(Beginning of Source material)

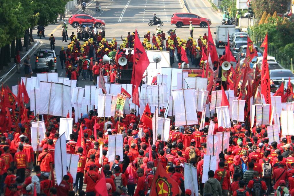 Tuntut Kesejahteraan Ribuan Buruh Long March Ke Istana
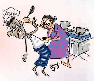 ප්රශ්නයකට තිබුණේ ඔහුගේ මේ සමාජ සේවයට භාර්යාවගේ ඇති දැඩි අකමැත්තය. ඇය ඔහු කරන මේ අමිල සමාජ සේවාව පහත් කොට සැලකුවාය. එය මදිකමක් ලෙස දැක්කාය. මේ නිසාම මේ දෙන්නා අතර අඬදබර ඇති නොවුණාම නොවේ. ඒ අවස්ථාවලදී ඔහු විහිළුවක් කොට ඇයගේ ඇසුරෙන් මිදී යන්නේ භුමිතෙල් ගෑ ගැරඬියෙකු ලෙසය. මේ නිසාම දෙන්නාගේ අඬහැරය ගුටි කෙළියක් දක්වා වර්ධනය නොවීය.
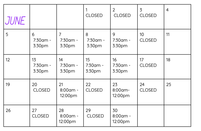 Our hours vary over the summer. Please preview the calendar below to see when we are open!
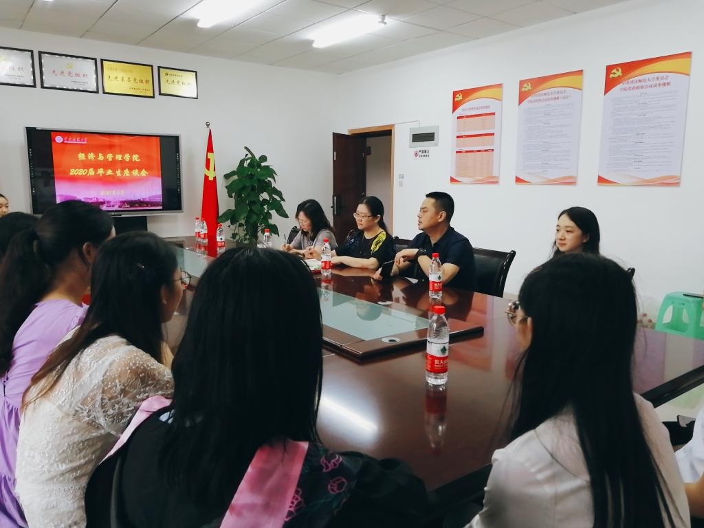 2020年6月30日上午,学院党委在311会议室召开2020届毕业生党员代表座谈会。会议由学院党委书记税强主持。学院全体领导、学生党支部书记参加会议。

(End of Source material)

> Task prompt:
Reproduce the data above exactly, leaving out any picture in it.

> Response area:
 Tuntut Kesejahteraan Ribuan Buruh Long March Ke Istana
 ප්රශ්නයකට තිබුණේ ඔහුගේ මේ සමාජ සේවයට භාර්යාවගේ ඇති දැඩි අකමැත්තය. ඇය ඔහු කරන මේ අමිල සමාජ සේවාව පහත් කොට සැලකුවාය. එය මදිකමක් ලෙස දැක්කාය. මේ නිසාම මේ දෙන්නා අතර අඬදබර ඇති නොවුණාම නොවේ. ඒ අවස්ථාවලදී ඔහු විහිළුවක් කොට ඇයගේ ඇසුරෙන් මිදී යන්නේ භුමිතෙල් ගෑ ගැරඬියෙකු ලෙසය. මේ නිසාම දෙන්නාගේ අඬහැරය ගුටි කෙළියක් දක්වා වර්ධනය නොවීය.
 Our hours vary over the summer. Please preview the calendar below to see when we are open!
 2020年6月30日上午,学院党委在311会议室召开2020届毕业生党员代表座谈会。会议由学院党委书记税强主持。学院全体领导、学生党支部书记参加会议。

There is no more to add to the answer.